The Risk Adjustment Specialist collaborates closely with Coding Compliance leadership, certified coders, providers, population health teams, utilization management, care management, quality improvement, and health plans to support compliant documentation and coding practices, audit readiness, and delegated risk adjustment program performance.

Requirements

MINIMUM & PREFERRED QUALIFICATIONS:


Education/Training

Minimum: High school diploma or GED equivalent required

Preferred: Associate's degree or higher in healthcare administration, public health, social services, or related field. 

Experience 

Minimum: At least one year of experience in one or more of the following areas: risk adjustment, coding compliance, medical record review, managed care, healthcare administration, managed care or MSO environment, medical office or provider operations.

Preferred: Experience supporting Medicare Advantage Risk Adjustment programs. Experience supporting CMS RADV audits or coding compliance audits. Experience in an MSO, IPA, health plan, delegated entity, or managed care environment. Experience working with electronic health records, coding software, or Risk Adjustment platforms.

Certification(s)

Certified Risk Adjustment Coder (CRC), Certified Professional Coder (CPC), Certified Coding Specialist (CCS), or other coding certification preferred.
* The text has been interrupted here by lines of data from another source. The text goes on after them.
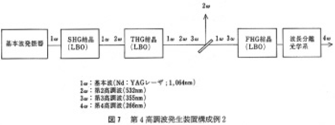 表3に,第4高調波発生が可能な結晶とその主なパラメータを示した。BBOとCLBOは図6に示した第2高調波のさらなる第2高調波発生用として第4 高調波発生できる。LBOは基本波と第3高調波との和周波発生により第4高調波発生ができるが,このため図7に示すように装置構成が複雑となり,結晶の個数もBBO,CLBO適用の場合に比べ1個増え,総合の変換効率は前者に比べ低下する。したがって,LBOは第4高調波発生装置ではほとんど用いられない。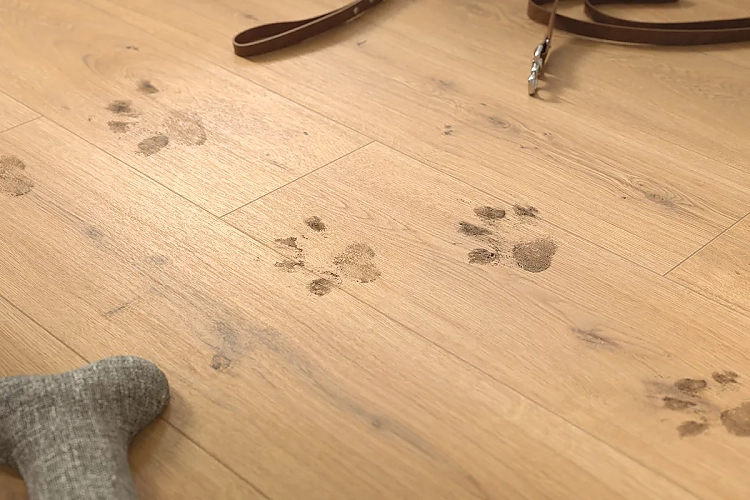 Der Premiumboden "NatureSense Aqua+" ist haustierfreundlich und alles andere als wasserscheu. Fotos: Egger Holzwerkstoffe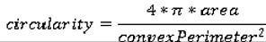 We use eight common image shape features: circularity, roughness, elongation, compactness, eccentricity, solidity, extent, and the standard deviation of the radial distance. Circularity is measured by dividing the circumference of the equivalent area circle by the actual perimeter of the nodule. Roughness can be measured by dividing the perimeter of the region by the convex perimeter. A smooth convex object, such as a perfect circle, will have a roughness of 1.0. The eccentricity is obtained using the ellipse that has the same second-moments as the region. The eccentricity is the ratio of the distance between the foci of the ellipse and its major axis length. The value is between 0 (a perfect circle) and 1 (a line). Solidity is the proportion of the pixels in the convex hull of the region to the pixels in the intersection of the convex hull and the region. Extent is the proportion of the pixels in the bounding box (the smallest rectangle containing the region) that are also in the region. Finally, the RadialDistanceSD is the standard deviation of the distances from every boundary pixel to the centroid of the region.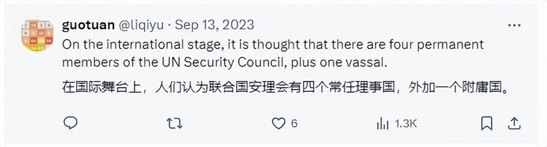 还有人更狠,说在国际舞台上,人们认为联合国安理会有4个常任理事国,外加一个附庸国。那这个附庸国是谁呢?不要忘记帮我点赞和关注哦,爱你。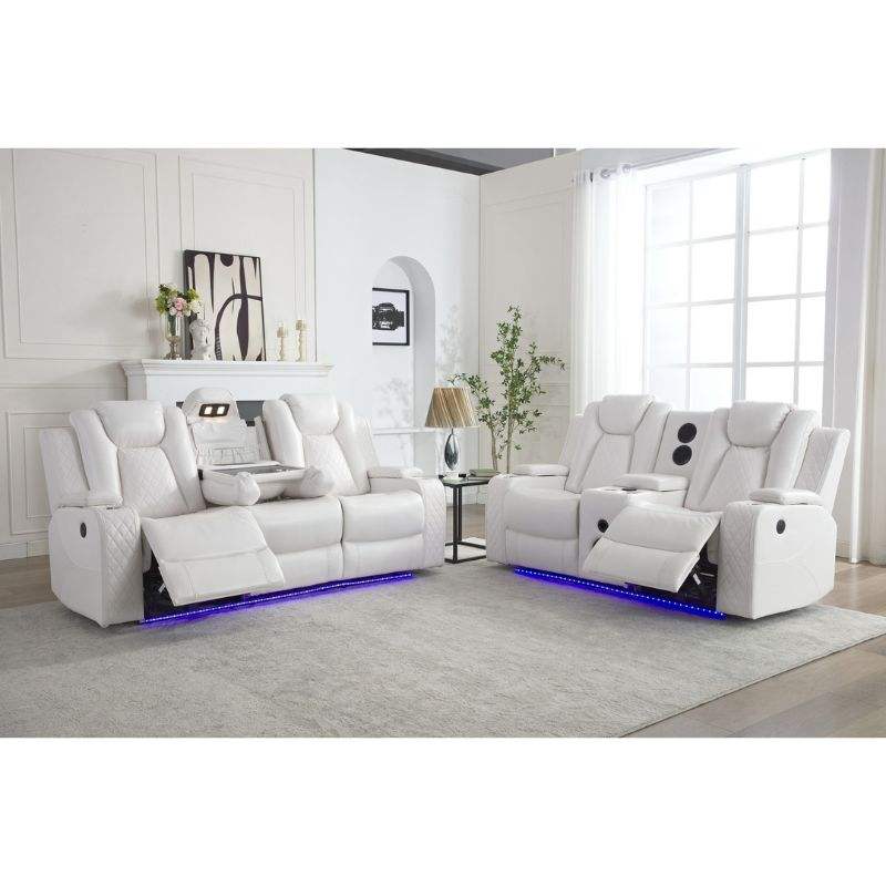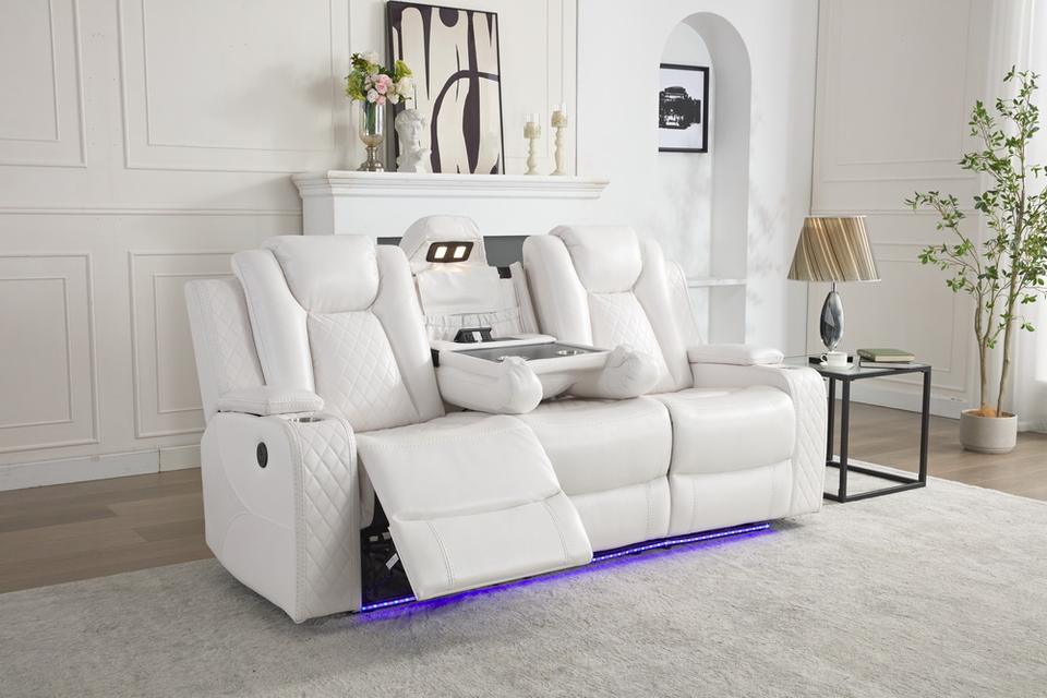 Moderno Conjunto de Sofá Reclinable Eléctrico 3+2 con Iluminación LED, Luces de Lectura, Puertos USB, Portavasos, Mesa Abatible y Tapicería de Cuero Extensible

Skills, Knowledge & Abilities

  • Knowledge of CMS Risk Adjustment methodology, HCC documentation requirements, and RAF score principles. 
  • Understanding of Medicare Advantage Risk Adjustment, coding compliance, and documentation integrity requirements. 
  • Familiarity with CMS RADV audit standards, DMHC regulatory requirements, NCQA standards, and delegated health plan oversight requirements. 
  • Ability to identify documentation deficiencies, coding inconsistencies, compliance risks, and audit-related concerns. 
  • Strong organizational, analytical, auditing, and data tracking skills with exceptional attention to detail and accuracy. 
  • Ability to maintain accurate records, audit logs, compliance documentation, and reporting tools. 
  • Proficiency with electronic health records, Risk Adjustment platforms, coding software, and Microsoft Office applications. 
  • Strong verbal and written communication skills with the ability to communicate professionally with providers, coders, leadership, health plans, and interdisciplinary teams. 
  • Ability to handle confidential and sensitive information in compliance with HIPAA and organizational policies. 
  • Ability to manage multiple priorities, deadlines, and audit-related activities in a fast-paced managed care environment.
  • Ability to work independently while collaborating effectively within interdisciplinary operational and compliance teams.
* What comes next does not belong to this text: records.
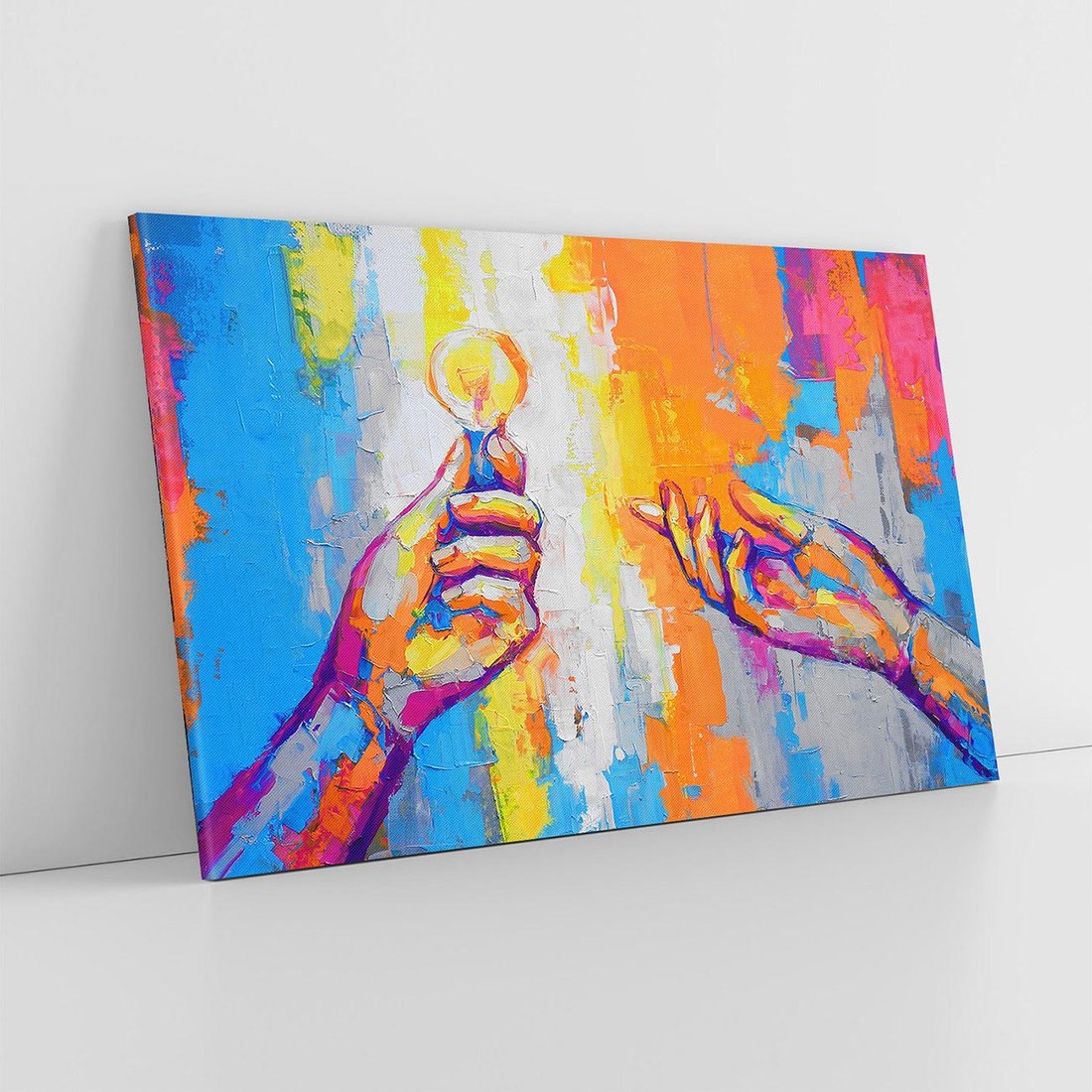 Obraz na płótnie 100x70 - Refrakcje wewnętrznego światła - abstrakcyjne dzieło, dłoń trzyma żarówkę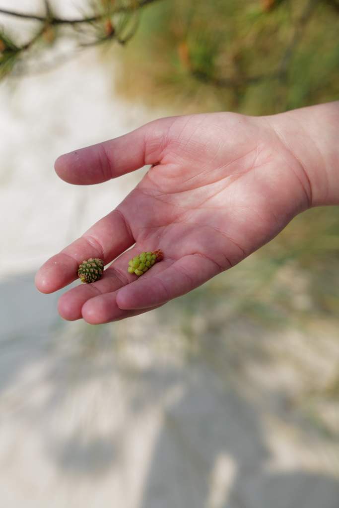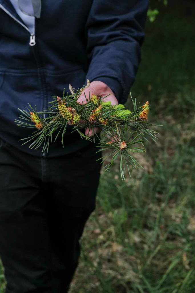 – Furuen er perfekt nå for man kan bruke både konglene og blomsten, forteller Laura. Blomsten har små korn som popper i munnen mens de små konglene gjerne legges på sirup.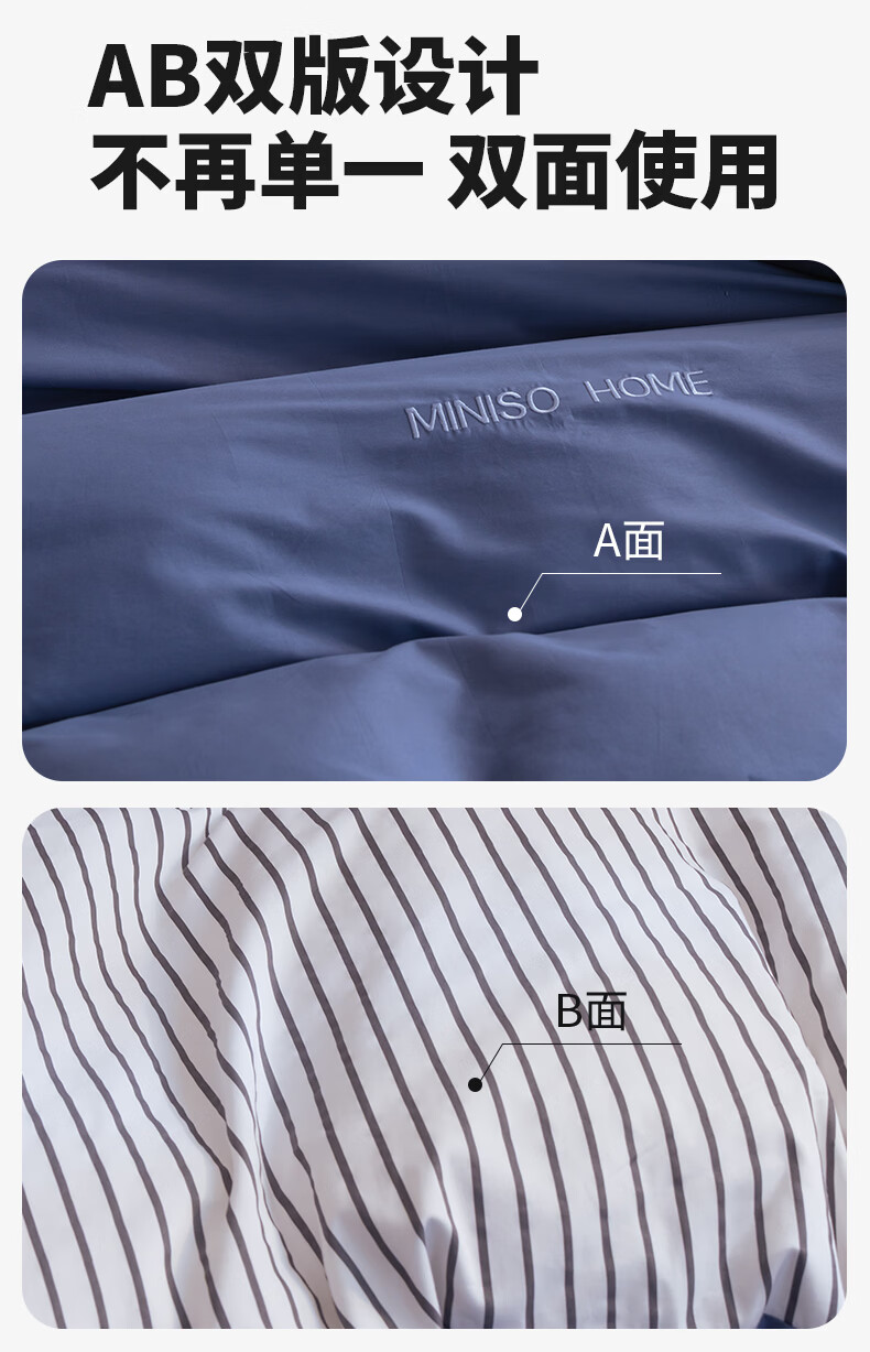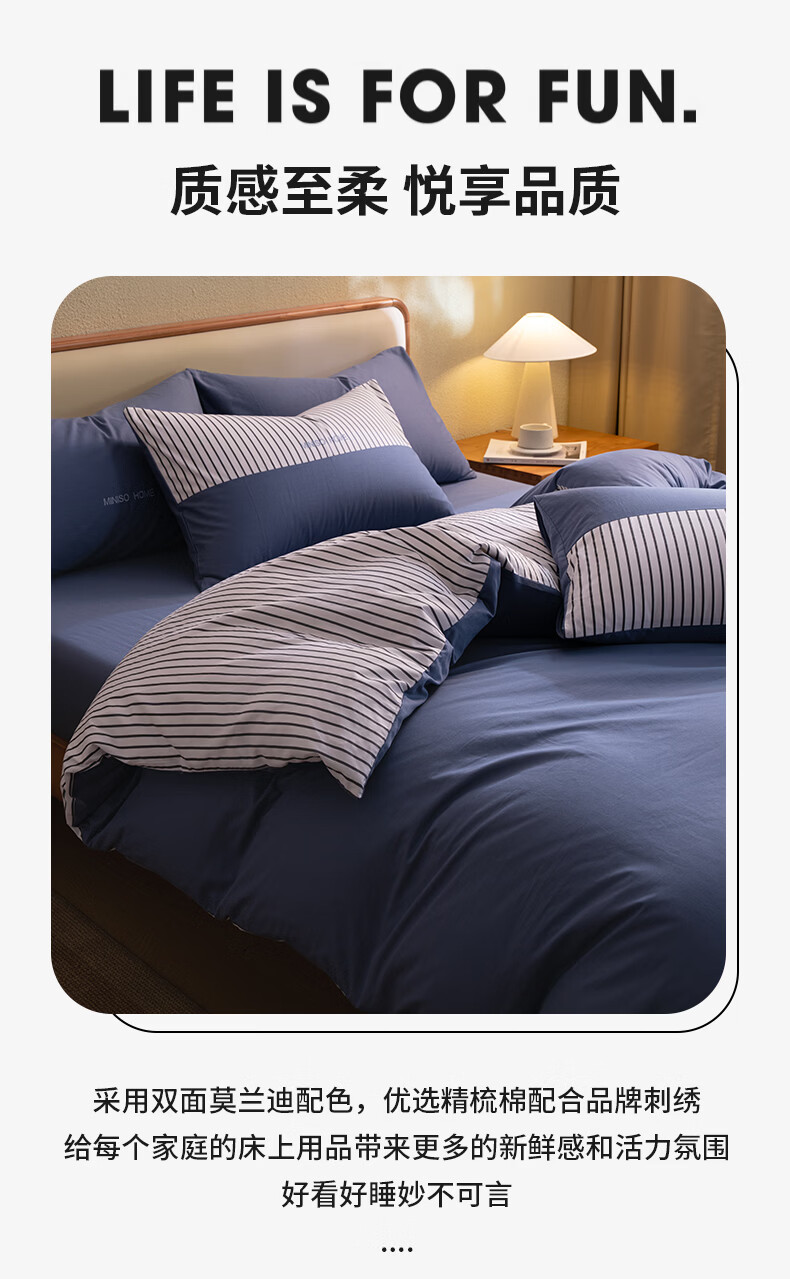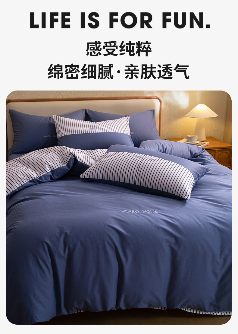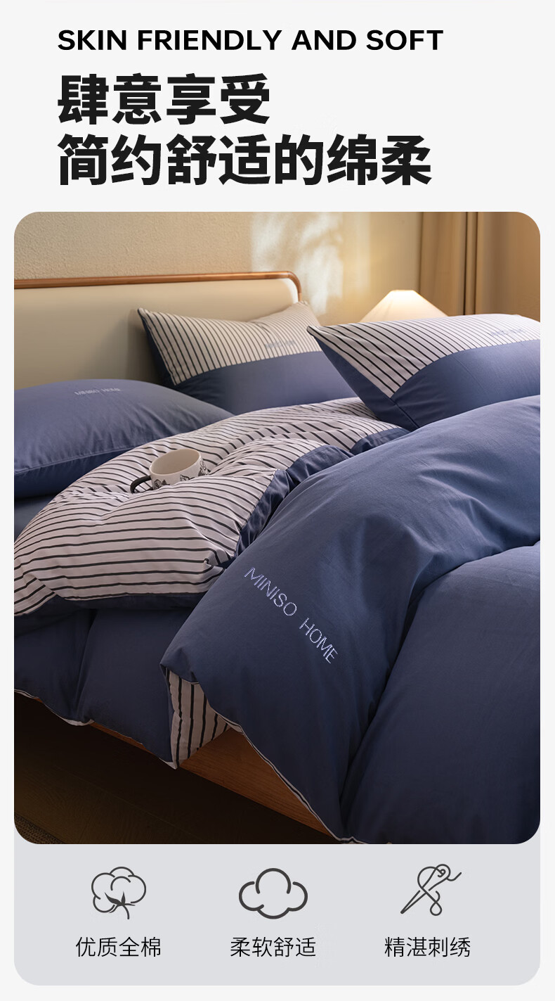 名创优品(MINISO)纯棉床上四件套 全棉刺绣款床单被套单双人宿舍床品套件 MINISO-绅士灰 1.5 床笠款 四件套(被套200*230cm)

PHYSICAL, MENTAL & ENVIRONMENTAL REQUIREMENTS:

The physical demands described here are represented of those that must be met by an employee to successfully perform the essential functions of this job. Primarily sedentary work involving prolonged computer use. Occasional standing, walking, and local travel may be required. Ability to lift up to 20 pounds occasionally. Requires strong attention to detail, data analysis capability, and effective communication skills. Work is performed in an office or remote environment supporting electronic medical record and Risk Adjustment systems.